Sonatine was screened in the Un Certain Regard section at the 1993 Cannes Film Festival. French publisher and notorious movie-goer, Jean-Pierre Dionnet (Canal +/Studio Canal), reported in an interview, that someone convinced Alain Delon to watch Sonatine arguing that Kitano was a fan of Le Samouraï. Delon was taken aback, and talking about Kitano's acting, said: "What's THAT? [...], this is not an actor [...], he only has three facial expressions and he almost doesn't talk on top of this." Most professionals around Dionnet had the same reaction, but the French publisher was both struck and puzzled by this new genre.
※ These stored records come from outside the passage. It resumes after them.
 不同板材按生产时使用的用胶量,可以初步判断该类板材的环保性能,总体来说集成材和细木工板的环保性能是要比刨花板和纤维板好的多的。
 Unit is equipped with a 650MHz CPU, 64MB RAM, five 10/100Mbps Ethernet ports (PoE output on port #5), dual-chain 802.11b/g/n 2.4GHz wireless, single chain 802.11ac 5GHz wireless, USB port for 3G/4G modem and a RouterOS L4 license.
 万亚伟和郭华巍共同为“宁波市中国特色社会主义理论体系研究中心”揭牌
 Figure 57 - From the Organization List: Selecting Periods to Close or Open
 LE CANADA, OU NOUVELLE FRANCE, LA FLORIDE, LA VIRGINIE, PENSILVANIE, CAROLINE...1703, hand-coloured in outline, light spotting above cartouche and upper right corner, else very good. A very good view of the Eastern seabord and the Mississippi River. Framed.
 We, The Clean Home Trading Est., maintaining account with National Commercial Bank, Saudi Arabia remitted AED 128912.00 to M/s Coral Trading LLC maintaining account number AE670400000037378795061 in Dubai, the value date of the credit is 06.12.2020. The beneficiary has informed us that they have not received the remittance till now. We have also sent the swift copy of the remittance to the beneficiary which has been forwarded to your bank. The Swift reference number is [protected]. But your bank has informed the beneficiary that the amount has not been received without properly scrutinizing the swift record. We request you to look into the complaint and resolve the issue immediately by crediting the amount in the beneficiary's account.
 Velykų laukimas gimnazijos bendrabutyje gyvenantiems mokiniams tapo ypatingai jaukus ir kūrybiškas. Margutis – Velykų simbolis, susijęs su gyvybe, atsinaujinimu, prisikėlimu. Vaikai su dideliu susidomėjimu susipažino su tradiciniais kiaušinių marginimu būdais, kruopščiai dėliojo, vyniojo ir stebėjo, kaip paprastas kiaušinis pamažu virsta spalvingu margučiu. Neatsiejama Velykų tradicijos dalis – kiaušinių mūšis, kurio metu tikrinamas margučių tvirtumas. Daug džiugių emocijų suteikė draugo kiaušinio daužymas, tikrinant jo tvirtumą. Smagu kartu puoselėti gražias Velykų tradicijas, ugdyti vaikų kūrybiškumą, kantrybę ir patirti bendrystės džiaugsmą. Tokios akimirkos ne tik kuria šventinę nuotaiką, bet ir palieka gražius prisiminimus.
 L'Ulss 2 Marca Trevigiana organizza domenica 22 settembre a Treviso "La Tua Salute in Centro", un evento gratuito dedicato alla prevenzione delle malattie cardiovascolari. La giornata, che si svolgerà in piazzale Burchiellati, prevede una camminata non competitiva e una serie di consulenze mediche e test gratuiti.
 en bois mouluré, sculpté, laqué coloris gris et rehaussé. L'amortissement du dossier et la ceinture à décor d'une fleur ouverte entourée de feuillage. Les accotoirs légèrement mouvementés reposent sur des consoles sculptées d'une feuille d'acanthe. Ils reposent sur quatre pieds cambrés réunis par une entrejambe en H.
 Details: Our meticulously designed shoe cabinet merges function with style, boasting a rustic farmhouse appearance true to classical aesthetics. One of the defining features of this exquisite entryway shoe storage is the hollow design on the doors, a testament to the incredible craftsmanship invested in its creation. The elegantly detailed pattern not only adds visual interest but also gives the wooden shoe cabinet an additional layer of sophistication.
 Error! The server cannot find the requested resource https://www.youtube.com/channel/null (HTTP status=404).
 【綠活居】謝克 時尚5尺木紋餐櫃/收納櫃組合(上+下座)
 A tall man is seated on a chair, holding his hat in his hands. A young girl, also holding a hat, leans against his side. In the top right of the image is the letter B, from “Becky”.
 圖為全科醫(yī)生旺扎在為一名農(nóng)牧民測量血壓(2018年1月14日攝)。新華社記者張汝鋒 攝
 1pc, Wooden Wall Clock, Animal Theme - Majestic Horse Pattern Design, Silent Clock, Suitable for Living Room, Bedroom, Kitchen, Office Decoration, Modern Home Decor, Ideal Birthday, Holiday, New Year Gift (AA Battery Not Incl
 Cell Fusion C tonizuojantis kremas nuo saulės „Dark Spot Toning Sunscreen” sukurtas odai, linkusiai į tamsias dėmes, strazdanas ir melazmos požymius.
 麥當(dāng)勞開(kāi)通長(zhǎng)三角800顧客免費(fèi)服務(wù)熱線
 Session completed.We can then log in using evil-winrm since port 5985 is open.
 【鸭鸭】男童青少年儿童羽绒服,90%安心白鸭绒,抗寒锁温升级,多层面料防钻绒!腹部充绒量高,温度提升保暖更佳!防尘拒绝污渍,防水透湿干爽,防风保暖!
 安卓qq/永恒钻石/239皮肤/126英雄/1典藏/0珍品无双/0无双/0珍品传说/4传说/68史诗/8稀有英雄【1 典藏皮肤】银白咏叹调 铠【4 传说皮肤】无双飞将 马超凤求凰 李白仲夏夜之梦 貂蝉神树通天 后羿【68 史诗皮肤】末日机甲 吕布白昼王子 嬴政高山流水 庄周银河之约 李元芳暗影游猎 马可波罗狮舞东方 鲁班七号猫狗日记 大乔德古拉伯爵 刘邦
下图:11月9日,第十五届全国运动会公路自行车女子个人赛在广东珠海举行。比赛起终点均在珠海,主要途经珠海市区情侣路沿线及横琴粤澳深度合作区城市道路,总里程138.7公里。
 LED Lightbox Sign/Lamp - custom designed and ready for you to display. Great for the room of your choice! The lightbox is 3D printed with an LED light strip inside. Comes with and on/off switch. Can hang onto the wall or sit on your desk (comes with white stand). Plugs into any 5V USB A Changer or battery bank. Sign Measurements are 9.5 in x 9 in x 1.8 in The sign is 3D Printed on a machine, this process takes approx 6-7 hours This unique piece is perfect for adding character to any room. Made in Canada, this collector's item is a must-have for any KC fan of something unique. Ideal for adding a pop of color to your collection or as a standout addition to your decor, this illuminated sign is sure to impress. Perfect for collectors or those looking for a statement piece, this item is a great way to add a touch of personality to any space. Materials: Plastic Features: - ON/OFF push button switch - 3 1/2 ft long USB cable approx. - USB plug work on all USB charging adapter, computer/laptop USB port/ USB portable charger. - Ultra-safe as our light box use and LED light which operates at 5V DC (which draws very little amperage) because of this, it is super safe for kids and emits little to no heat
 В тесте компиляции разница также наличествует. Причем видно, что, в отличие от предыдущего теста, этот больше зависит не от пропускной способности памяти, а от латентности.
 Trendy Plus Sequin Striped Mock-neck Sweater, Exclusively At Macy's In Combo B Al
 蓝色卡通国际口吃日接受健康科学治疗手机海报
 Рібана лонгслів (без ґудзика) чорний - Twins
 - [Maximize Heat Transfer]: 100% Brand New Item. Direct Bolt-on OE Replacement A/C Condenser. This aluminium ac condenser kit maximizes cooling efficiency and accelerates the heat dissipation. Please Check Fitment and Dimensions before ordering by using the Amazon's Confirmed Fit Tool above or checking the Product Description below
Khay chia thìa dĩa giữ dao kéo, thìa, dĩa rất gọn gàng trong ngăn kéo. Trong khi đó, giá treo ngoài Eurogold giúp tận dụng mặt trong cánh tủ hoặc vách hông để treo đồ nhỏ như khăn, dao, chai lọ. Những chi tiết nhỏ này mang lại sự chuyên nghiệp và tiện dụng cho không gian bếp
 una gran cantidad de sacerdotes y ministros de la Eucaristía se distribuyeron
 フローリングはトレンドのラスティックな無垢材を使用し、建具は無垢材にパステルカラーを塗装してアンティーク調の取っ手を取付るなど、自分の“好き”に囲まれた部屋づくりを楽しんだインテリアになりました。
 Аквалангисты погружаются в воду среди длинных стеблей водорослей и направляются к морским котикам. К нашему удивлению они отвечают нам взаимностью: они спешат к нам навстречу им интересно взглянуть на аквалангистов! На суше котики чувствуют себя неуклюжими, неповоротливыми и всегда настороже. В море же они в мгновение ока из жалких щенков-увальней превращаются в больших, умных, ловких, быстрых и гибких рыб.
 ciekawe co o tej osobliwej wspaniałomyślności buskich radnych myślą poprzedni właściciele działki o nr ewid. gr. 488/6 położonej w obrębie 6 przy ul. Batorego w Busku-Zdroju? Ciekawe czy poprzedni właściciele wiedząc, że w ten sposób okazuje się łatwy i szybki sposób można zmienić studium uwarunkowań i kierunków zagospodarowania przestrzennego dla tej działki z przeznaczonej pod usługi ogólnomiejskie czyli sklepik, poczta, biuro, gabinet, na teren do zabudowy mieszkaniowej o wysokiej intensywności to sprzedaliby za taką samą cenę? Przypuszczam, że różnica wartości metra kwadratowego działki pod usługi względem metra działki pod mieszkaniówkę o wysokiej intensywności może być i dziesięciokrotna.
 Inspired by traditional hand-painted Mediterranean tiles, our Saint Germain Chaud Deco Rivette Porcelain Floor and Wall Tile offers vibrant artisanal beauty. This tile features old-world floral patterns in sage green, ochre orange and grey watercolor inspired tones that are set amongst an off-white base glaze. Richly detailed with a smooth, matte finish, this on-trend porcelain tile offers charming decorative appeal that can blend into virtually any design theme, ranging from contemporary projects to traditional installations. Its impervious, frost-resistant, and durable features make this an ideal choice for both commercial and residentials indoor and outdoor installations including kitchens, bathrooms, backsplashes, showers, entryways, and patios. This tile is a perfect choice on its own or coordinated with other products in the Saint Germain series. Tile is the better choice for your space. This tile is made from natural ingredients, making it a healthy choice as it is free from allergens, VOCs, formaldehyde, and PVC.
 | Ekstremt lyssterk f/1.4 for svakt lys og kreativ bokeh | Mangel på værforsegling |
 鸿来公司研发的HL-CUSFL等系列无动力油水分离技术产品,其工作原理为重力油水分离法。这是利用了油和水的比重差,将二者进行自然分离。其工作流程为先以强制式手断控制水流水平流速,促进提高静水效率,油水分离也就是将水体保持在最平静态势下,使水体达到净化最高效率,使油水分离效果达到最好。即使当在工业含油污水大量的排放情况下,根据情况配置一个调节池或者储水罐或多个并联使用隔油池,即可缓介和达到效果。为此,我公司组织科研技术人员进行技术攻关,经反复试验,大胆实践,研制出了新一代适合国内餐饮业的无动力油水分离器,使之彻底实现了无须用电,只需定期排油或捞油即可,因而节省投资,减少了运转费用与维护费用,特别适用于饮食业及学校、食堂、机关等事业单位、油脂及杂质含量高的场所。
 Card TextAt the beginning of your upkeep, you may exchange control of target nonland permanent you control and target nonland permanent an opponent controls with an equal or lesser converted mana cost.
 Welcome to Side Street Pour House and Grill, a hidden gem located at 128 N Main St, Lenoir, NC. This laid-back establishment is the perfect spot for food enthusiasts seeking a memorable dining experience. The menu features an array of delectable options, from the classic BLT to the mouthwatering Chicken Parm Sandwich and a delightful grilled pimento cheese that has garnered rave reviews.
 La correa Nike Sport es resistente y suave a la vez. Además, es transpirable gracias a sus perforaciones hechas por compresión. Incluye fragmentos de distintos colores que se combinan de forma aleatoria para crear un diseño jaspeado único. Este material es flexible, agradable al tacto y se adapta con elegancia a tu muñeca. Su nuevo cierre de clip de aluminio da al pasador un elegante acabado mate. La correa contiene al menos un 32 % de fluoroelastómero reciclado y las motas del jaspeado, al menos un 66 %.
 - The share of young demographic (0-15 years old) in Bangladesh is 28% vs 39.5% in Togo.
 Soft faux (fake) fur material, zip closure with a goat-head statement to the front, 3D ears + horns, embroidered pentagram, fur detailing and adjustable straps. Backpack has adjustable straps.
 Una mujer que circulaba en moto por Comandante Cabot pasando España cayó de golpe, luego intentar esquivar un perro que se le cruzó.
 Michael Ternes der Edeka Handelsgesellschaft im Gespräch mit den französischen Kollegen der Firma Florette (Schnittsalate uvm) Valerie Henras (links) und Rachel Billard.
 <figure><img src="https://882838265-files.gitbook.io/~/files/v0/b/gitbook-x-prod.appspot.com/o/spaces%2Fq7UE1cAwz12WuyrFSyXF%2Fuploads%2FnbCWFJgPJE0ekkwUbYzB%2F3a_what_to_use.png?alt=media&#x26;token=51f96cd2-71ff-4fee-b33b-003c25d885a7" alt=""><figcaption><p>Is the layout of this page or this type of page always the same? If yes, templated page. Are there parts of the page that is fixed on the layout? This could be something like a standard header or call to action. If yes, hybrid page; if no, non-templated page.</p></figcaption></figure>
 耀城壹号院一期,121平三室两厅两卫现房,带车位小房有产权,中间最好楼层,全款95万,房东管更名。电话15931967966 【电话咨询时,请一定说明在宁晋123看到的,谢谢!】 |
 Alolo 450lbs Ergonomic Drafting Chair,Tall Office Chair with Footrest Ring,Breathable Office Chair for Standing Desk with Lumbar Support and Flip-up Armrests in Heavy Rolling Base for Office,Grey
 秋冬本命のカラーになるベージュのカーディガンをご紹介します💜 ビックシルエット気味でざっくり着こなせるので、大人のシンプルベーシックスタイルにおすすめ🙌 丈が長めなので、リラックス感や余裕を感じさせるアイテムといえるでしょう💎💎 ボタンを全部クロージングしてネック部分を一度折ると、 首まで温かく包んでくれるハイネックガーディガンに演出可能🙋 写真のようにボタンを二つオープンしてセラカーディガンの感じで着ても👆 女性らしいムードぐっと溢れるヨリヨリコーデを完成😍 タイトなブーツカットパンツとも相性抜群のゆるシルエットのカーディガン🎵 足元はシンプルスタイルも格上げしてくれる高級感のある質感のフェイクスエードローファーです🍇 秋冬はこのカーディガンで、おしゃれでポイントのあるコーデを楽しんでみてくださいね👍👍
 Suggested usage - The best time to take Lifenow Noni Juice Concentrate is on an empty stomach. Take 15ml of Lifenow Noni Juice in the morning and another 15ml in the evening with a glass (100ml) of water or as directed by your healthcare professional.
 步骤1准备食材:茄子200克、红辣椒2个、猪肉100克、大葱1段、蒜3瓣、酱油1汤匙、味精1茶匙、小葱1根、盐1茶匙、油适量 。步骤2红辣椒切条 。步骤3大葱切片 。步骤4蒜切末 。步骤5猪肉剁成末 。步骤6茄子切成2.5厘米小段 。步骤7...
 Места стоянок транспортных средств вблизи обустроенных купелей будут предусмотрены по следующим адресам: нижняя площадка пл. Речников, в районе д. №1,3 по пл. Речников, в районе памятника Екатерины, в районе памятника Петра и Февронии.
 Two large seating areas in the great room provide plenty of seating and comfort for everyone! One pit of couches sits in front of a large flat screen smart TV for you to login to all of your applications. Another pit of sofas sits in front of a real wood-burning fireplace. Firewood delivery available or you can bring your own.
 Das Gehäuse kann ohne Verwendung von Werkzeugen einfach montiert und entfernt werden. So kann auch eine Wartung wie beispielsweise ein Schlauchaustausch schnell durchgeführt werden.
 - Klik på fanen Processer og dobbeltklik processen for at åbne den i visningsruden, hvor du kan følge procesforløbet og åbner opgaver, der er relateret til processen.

He contacted the Japanese distributor in order to buy the license for Sonatine, but his request was rejected. Dionnet had to insist for several months to finally discover that Shochiku didn't want to release Sonatine abroad, claiming the film was "too Japanese" and would not be accepted, nor understood, by western audiences. Eventually Dionnet learned that the distributor didn't want to release the license because of its commercial failure in Japan. Dionnet had an agreement with Shochiku arguing that French audiences did not know Kitano's career and would accept his violent character more easily. He bought Sonatine and three additional Kitano films, Violent Cop, Boiling Point and the latest, Kids Return. With the exception of Kids Return, all had performed poorly in Japan. In 1995, Sonatine entered the 13th Festival du Film Policier de Cognac in France, where it was critically acclaimed. Sonatine, followed by the three other films were broadcast on the French channel Canal+ a few months later. They were shown again a couple of years later on the Franco-German public channel Arte. A video release followed, including a DVD edition available in Dionnet's collection "Asian Classics".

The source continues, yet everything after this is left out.